Eleven of the sixteen nonresidential construction subsectors posted increases for the month, including manufacturing, up 4.1 percent; communication, up 3.9 percent; power, up 3.1 percent; and health care, up 2.4 percent. Four subsectors have had increases in construction spending from the same time last year. They are power, up 13.8 percent; commercial, up 4.2 percent; communication, up 2.7 percent; and health care, up 2.4 percent.
Five nonresidential construction subsectors posted decreases for the month, including conservation and development, down 6.6 percent; educational, down 3.2 percent; amusement and recreation, down 3.1 percent; highway and street, down 1.6 percent; and religious construction, down 1.4 percent. Of the twelve subsectors experiencing decreases in spending year-over-year, they are religious, down 25.7 percent; lodging, down 24.3 percent; and water supply, down 14.3 percent.
Public nonresidential construction spending slipped 0.7 percent for the month and is down 9.2 percent compared to the same time last year. Residential construction spending fell 0.3 percent in June and is down 2.1 percent over the last twelve months. Total construction spending – which includes residential and nonresidential construction – inched up 0.2 percent for the month, but was down 4.7 percent from June 2010.

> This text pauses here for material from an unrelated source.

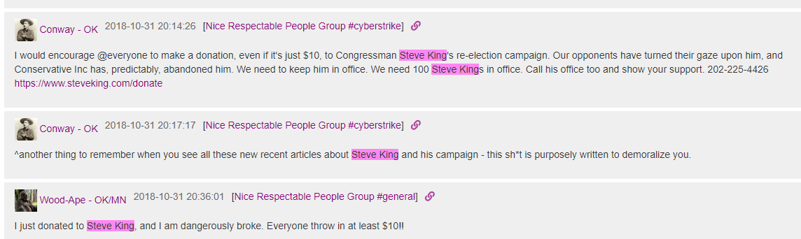 The leaked chat logs show Identity Evropa members were full of praise for the more hard line elements of the Republican Party, chiefly Rep. Steve King (R-IA). King has a long and storied history of re-tweeting far-right personalities and espousing white nationalist views; most recently, King drew widespread criticism for asking when the term “white nationalist” became offensive during an interview with the New York Times in January.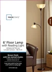 The Mainstays JK1660BRN combination floor lamp is two lamps in one, featuring a 100-watt main lamp with an additional 60-watt reading lamp (light bulbs not included). This sturdy yet slim 72" brown lamp includes an attached reading lamp with an adjustable gooseneck, two tea-stained color shades for a subtle ambient effect, and a 9" diameter base. The main top light is controlled by a 3-way rotary switch and a simple on/off switch for the bonus reading lamp. The sleek and modern design makes this lamp a perfect addition to any adult living room, bedroom, or home office and a must-have for college living spaces. 72" JK1660BRN floor lamp3-way rotary light for main light source Ideal for bedrooms, adult home offices, dens, dorm rooms Available color: black, silver, brown, white Modern styling complements the decor of most living areas Reading light features a flexible arm shades absorb light intensity as it is needed 100W and 60W bulbs required (not included) Additional reading light has a convenient on/off switch

“Some may be surprised with today’s report that construction spending edged higher in June given the overall weakness of the U.S. economy in recent months,” said Associated Builders and Contractors Chief Economist Anirban Basu.
“It is important to note in this context that construction activity remains a lagging indicator of overall economic activity, which implies that the modest uptick in construction spending in June was a reflection of economic momentum that pre-existed the recent soft patch,” Basu said.
“With the softness in economic activity persisting, perhaps through the balance of this year and beyond, the ongoing increase in total nonresidential construction spending is unlikely to last,” said Basu.
“With government support for construction on the wane, the hope has been that a privately financed recovery would begin in earnest,” Basu said. “To a certain extent, that has occurred, with manufacturing, communication, power and health care construction leading the way.
“Should the nation’s economic recovery pick up steam later this year, construction will again be positioned for an increase in spending, but for now the outlook is not particularly promising,” said Basu.